### PROBLEM DETAILS:
Every line from the one holding "用电管理主要包括业扩报装、计" through the one holding "Le plateau de" in the data below must be returned exactly, both ends included, with pictures left out and nothing else added.
━━ DATA ━━
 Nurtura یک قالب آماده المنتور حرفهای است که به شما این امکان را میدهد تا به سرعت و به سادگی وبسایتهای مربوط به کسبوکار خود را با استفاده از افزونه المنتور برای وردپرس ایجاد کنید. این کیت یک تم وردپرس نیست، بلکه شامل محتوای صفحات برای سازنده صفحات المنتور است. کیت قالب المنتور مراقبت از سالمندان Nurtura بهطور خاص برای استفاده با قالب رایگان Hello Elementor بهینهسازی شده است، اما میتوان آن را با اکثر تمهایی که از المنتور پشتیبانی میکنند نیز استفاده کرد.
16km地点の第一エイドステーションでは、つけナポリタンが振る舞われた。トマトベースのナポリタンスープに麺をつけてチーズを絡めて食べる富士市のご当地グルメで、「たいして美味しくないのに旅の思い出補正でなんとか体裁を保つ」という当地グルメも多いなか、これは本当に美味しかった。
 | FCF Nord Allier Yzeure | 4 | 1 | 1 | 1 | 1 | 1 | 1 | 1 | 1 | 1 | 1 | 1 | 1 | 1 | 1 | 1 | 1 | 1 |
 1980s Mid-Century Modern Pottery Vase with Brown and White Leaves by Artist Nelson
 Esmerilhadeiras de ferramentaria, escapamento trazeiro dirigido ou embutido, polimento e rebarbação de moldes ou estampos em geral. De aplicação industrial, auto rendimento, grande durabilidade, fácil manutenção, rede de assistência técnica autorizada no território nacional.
━━━
━━ DATA ━━
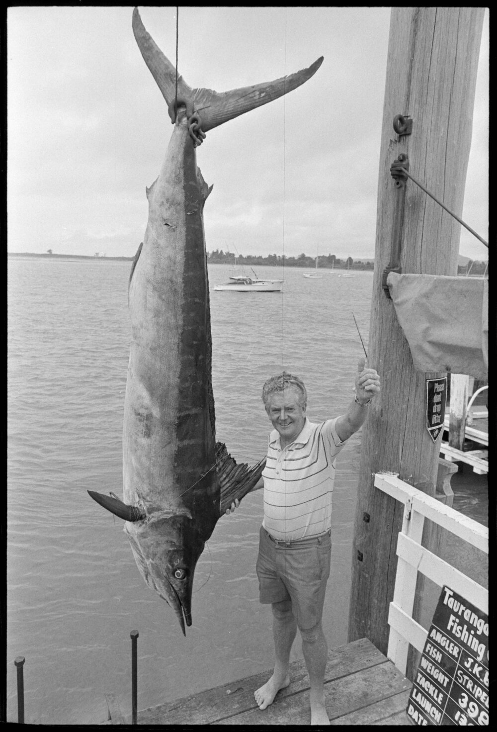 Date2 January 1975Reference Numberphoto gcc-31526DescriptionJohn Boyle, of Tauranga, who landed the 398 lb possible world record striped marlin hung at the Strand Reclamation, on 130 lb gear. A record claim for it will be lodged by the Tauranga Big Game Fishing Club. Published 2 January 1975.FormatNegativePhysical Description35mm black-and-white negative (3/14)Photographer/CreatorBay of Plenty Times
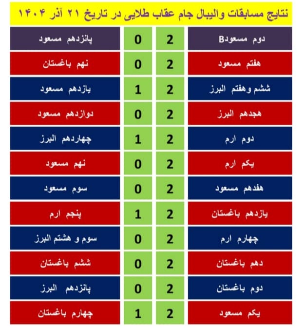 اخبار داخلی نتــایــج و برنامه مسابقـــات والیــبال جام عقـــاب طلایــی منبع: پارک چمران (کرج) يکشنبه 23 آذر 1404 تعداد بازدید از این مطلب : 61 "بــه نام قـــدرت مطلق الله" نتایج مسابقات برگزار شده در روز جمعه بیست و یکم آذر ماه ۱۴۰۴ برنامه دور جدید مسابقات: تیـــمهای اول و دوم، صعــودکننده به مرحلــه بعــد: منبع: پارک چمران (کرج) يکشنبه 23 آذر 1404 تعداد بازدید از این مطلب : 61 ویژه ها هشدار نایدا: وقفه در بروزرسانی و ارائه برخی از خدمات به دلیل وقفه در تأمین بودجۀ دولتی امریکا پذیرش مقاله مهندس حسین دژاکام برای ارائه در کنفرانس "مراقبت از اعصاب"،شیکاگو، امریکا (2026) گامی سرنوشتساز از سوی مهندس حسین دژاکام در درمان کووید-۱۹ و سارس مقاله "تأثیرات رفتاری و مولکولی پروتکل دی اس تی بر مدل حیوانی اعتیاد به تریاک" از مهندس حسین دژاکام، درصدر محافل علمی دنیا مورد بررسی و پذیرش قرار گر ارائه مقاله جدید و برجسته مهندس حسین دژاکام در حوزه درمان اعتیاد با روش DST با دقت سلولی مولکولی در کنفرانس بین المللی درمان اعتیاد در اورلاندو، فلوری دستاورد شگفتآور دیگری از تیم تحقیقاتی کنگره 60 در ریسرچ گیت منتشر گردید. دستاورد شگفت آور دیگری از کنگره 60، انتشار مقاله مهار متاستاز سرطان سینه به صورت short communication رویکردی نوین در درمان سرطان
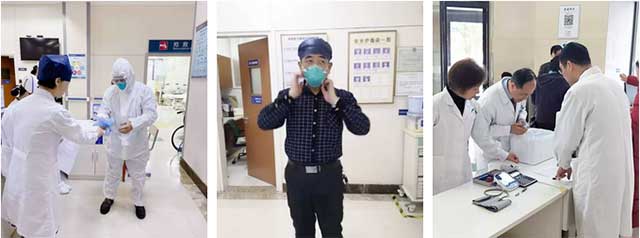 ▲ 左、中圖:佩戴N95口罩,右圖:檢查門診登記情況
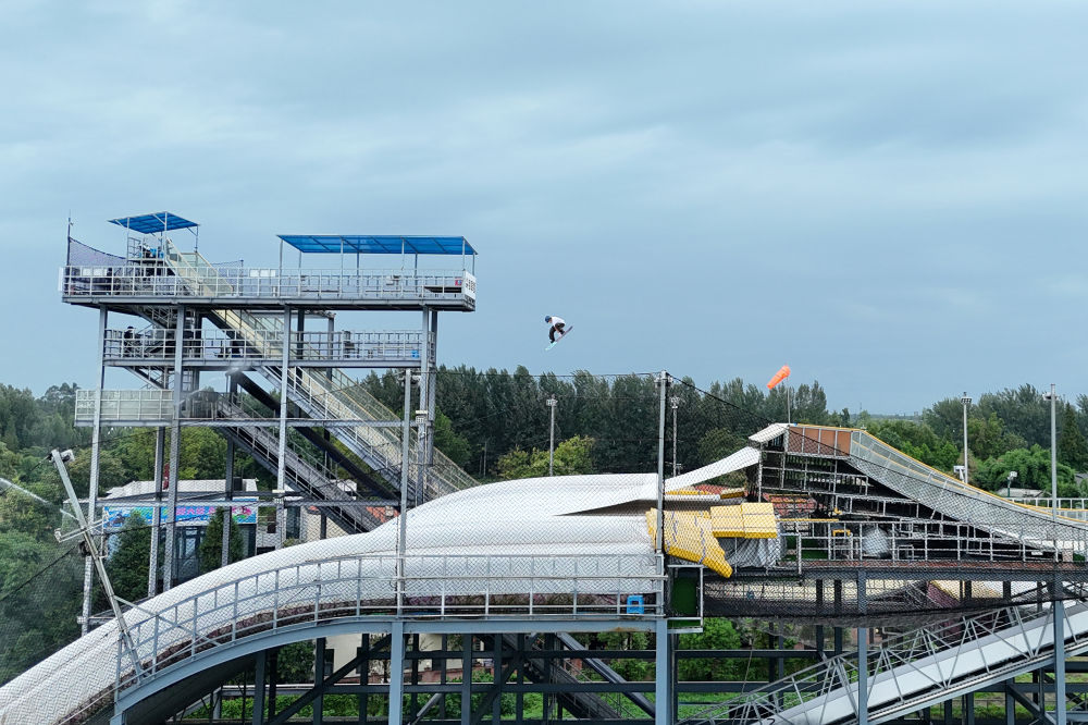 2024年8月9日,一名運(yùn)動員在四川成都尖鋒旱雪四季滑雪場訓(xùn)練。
━━━
━━ DATA ━━
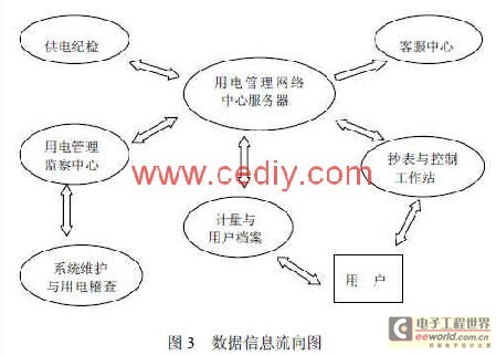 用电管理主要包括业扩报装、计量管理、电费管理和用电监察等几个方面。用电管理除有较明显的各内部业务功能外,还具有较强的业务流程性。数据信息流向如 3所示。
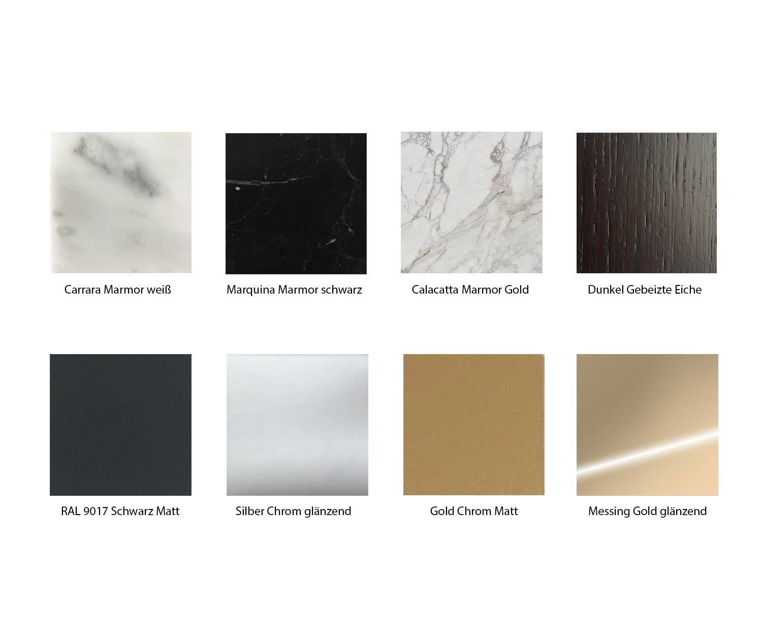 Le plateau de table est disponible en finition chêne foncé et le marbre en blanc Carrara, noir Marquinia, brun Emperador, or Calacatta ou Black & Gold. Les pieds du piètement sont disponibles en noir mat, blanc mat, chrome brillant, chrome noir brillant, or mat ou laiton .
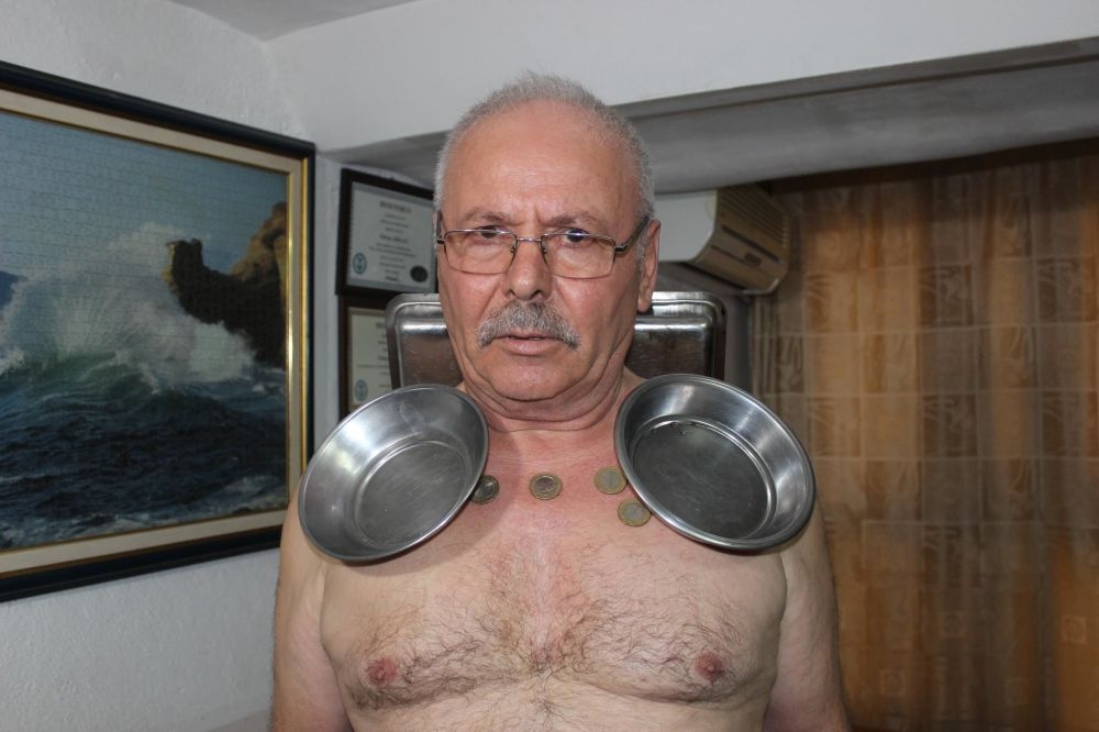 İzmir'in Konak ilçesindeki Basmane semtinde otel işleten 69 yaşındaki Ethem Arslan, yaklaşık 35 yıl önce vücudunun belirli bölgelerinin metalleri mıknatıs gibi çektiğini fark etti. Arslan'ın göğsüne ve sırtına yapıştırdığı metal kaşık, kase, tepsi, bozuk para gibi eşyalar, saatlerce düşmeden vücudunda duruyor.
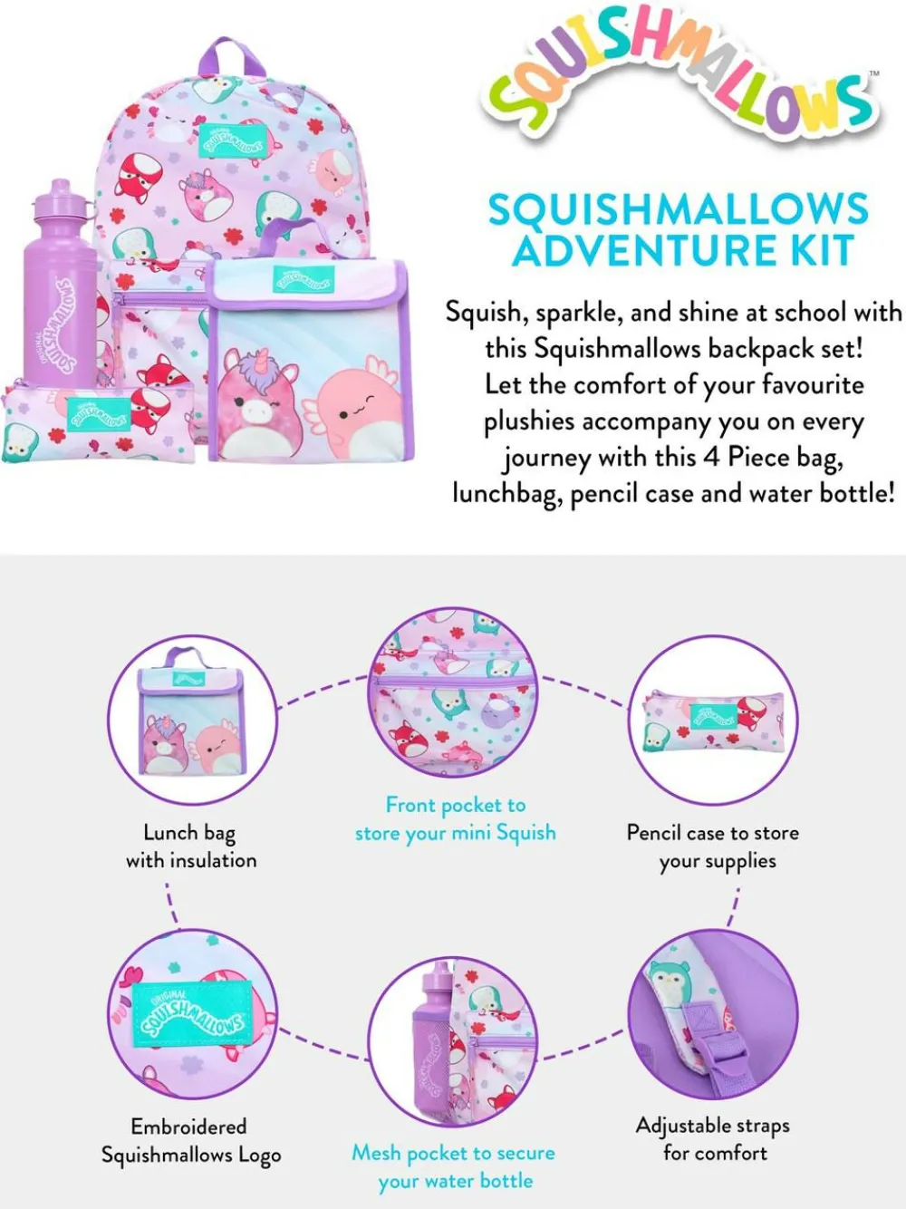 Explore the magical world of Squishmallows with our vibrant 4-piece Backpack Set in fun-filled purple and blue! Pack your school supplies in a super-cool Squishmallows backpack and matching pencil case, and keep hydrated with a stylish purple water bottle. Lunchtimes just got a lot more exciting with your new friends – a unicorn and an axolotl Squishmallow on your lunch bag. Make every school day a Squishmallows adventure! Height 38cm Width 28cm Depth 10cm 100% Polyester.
━━━
### RESPONSE:
 用电管理主要包括业扩报装、计量管理、电费管理和用电监察等几个方面。用电管理除有较明显的各内部业务功能外,还具有较强的业务流程性。数据信息流向如 3所示。
 Le plateau de table est disponible en finition chêne foncé et le marbre en blanc Carrara, noir Marquinia, brun Emperador, or Calacatta ou Black & Gold. Les pieds du piètement sont disponibles en noir mat, blanc mat, chrome brillant, chrome noir brillant, or mat ou laiton .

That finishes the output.